SOURCE DATA:
-- -- --
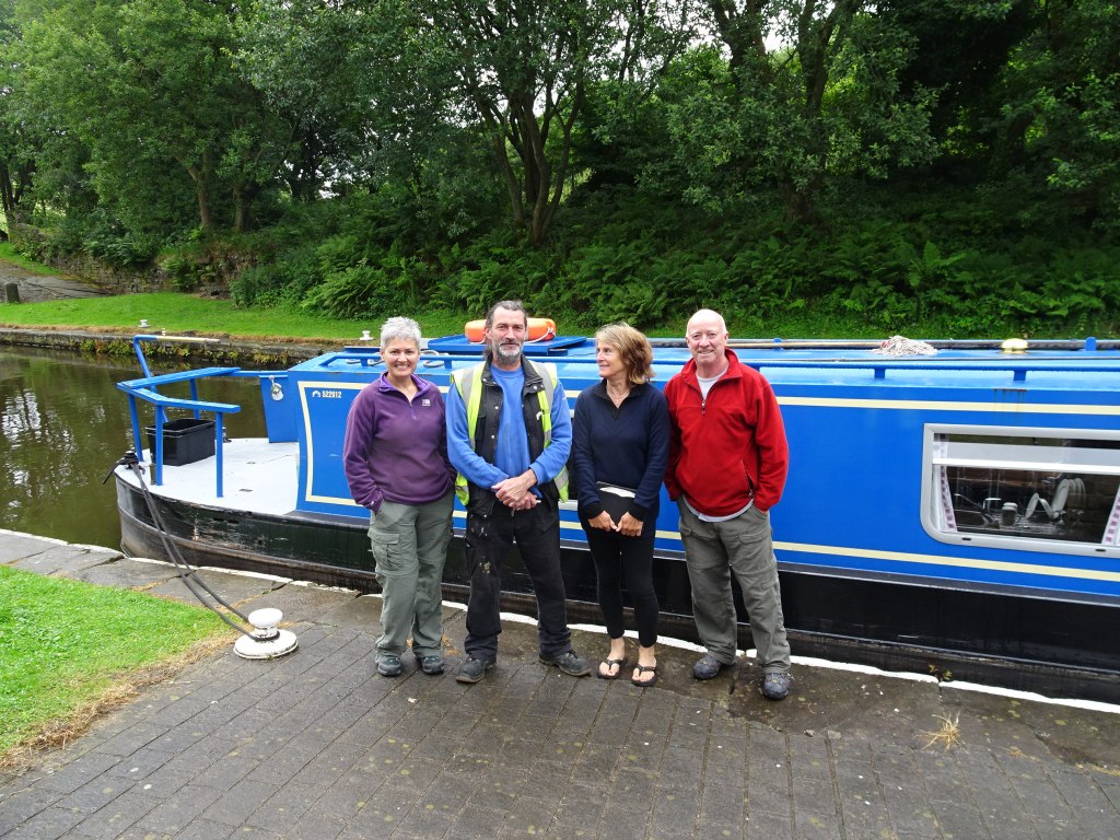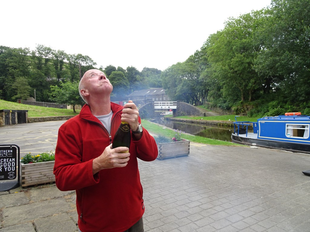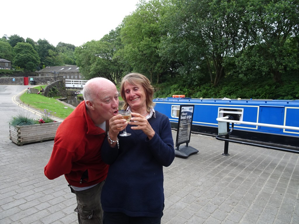We got delayed early next morning by a pontoon blocking our path while repairing a bridge damaged by the horrific floods that affected the area. The workmen were more interested on their tea break than shifting it so we were delayed almost an hour. That evening we moored in Aspley Basin in Huddersfield and took the opportunity to top up with gas, diesel and get a pump out for the toilets. We’ve never done a pump out before so it was the blind leading the blind – one mistake and we could all be wearing a new suit of shit! That evening we had a great time with Donna and Rob, friends from Wakefield, in the pub adjacent to the basin.
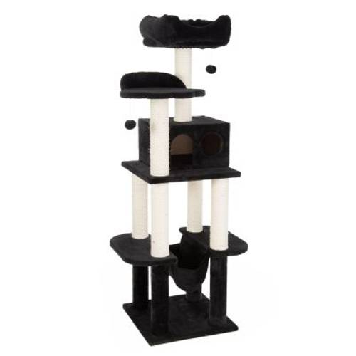 Stabilny drapak z wygodnym hamakiem, duże jaskinie, miękkie legowisko w kształcie łap i wysoki punkt obserwacyjny z poduszkami. Wymiary, dł. x szer. x wys.: 49 x 49 x 163 cm
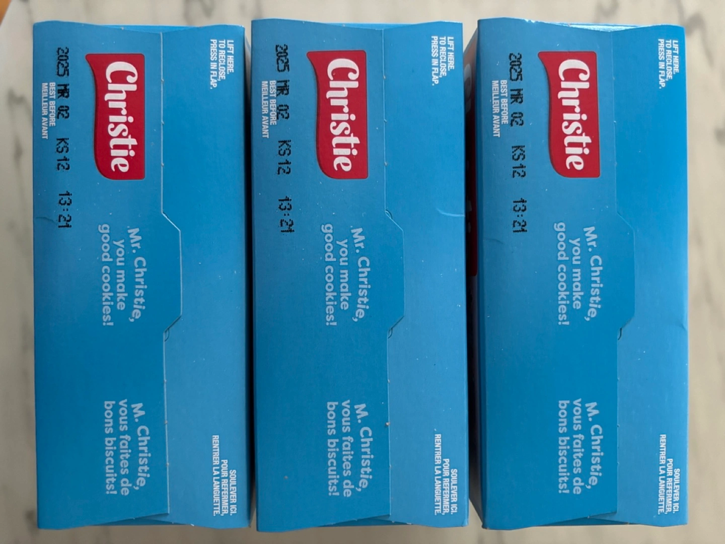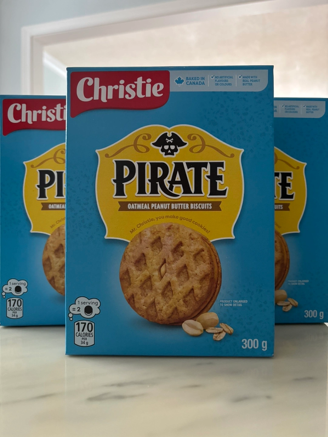 Three unopened boxes of Christie Pirate Oatmeal Peanut Butter Biscuits. 300g each. Baked in Canada. Made with real butter. No artificial colours.
-- -- --
PROBLEM STATEMENT:
Your answer must be the full listing, copied exactly, with no pictures in it.

FINAL ANSWER:
We got delayed early next morning by a pontoon blocking our path while repairing a bridge damaged by the horrific floods that affected the area. The workmen were more interested on their tea break than shifting it so we were delayed almost an hour. That evening we moored in Aspley Basin in Huddersfield and took the opportunity to top up with gas, diesel and get a pump out for the toilets. We’ve never done a pump out before so it was the blind leading the blind – one mistake and we could all be wearing a new suit of shit! That evening we had a great time with Donna and Rob, friends from Wakefield, in the pub adjacent to the basin.
 Stabilny drapak z wygodnym hamakiem, duże jaskinie, miękkie legowisko w kształcie łap i wysoki punkt obserwacyjny z poduszkami. Wymiary, dł. x szer. x wys.: 49 x 49 x 163 cm
 Three unopened boxes of Christie Pirate Oatmeal Peanut Butter Biscuits. 300g each. Baked in Canada. Made with real butter. No artificial colours.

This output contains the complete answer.